NÃO SEI se posso me considerar um feminista, já que o seu quase oposto -- o machismo -- também não me considero. Na verdade, luto pela igualdade, pelo respeito a todos os meus irmãos. Quem são meus irmãos? O homem, a mulher, o branco, o negro, o pardo (gente de todas as matizes raciais), o rico e o pobre, o empresário e o operário, o cristão, o muçulmano, o ateu... Todos são meus irmãos.

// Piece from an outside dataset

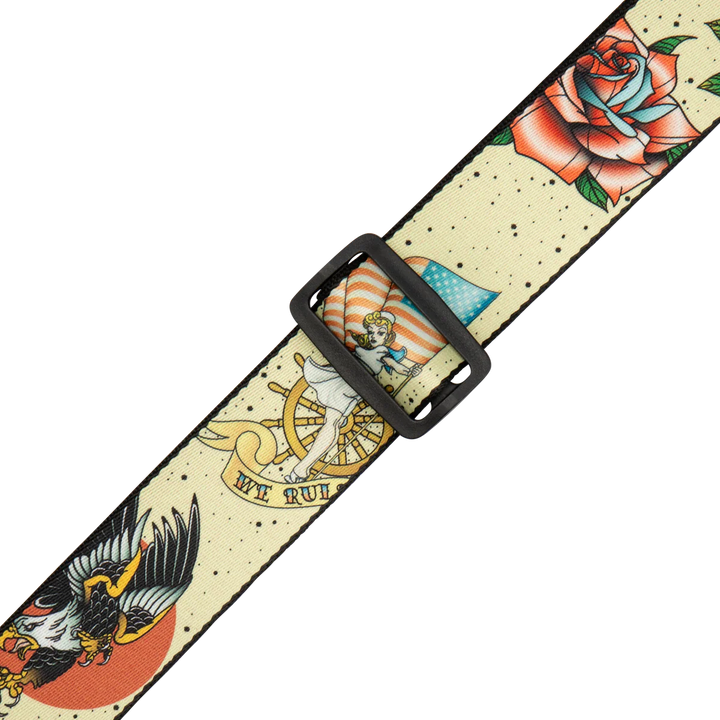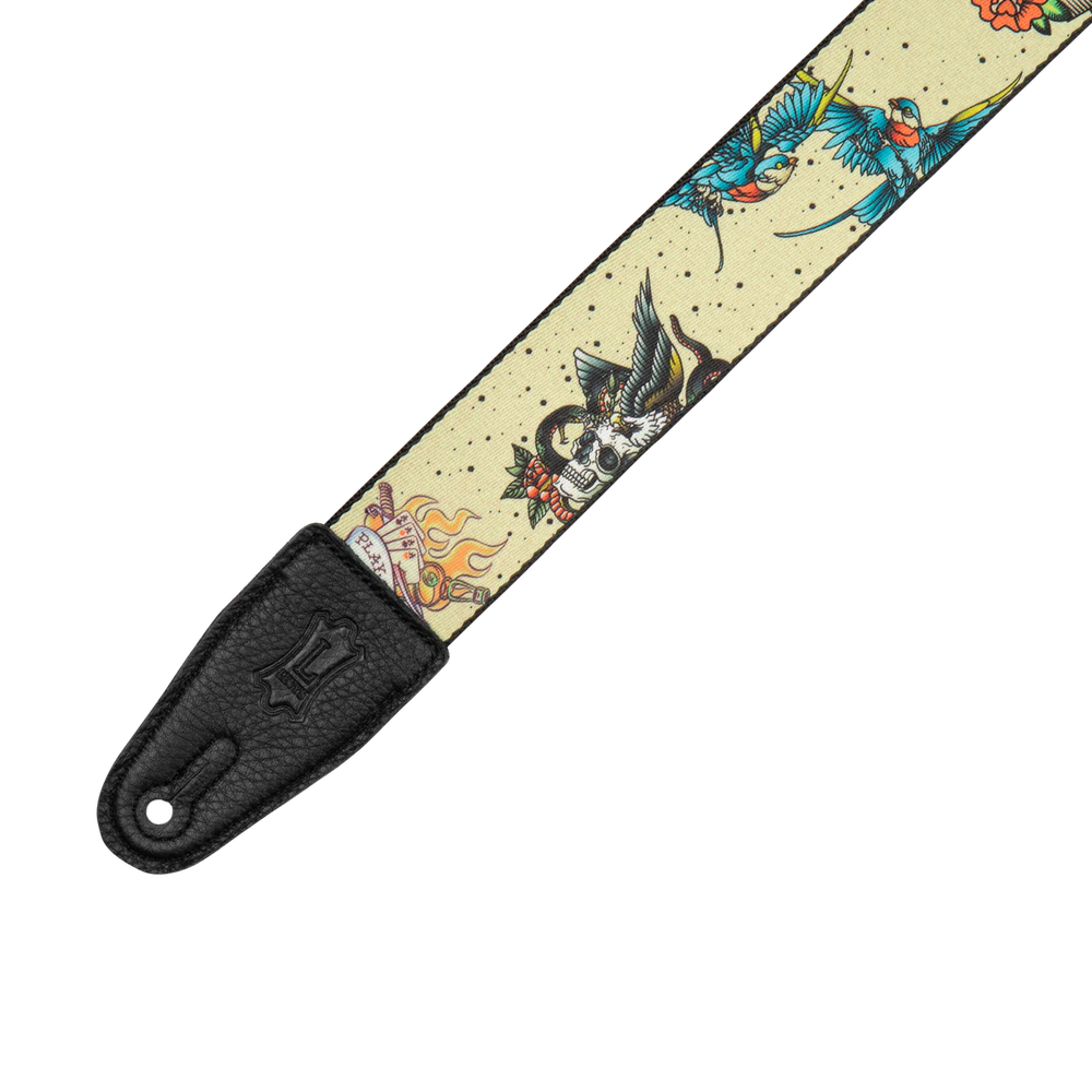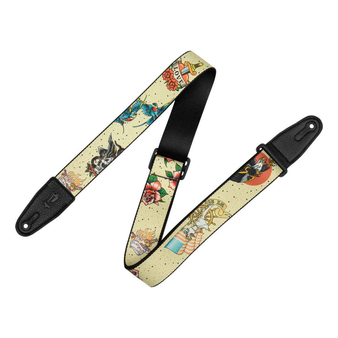 - One-ply printed polyester guitar strap with leather ends. Black plastic loop and slide hardware. Adjustable from 35" to 60".

Sou pai de seis mulheres, produtos de três uniões conjugais. A todas amo profundamente. Desde cedo conduzi a todas elas ou, ao menos, procurei orientá-las no sentido da independência. Estudar, preparando-se para a vida, trabalhar, lutar, tudo em condições de igualdade com o homem. Sei que a sociedade, uma parte dela, ainda não pensa assim, e o machismo -- no sentido de o homem desrespeitar a mulher, fruto de uma sociedade patriarcal milenar -- predomina ainda hoje ao ponto de alguns marmanjos -- todos cidadãos de bem -- assediarem de forma vergonhosa uma jovem na Rússia, conforme reverberou exaustivamente as redes sociais.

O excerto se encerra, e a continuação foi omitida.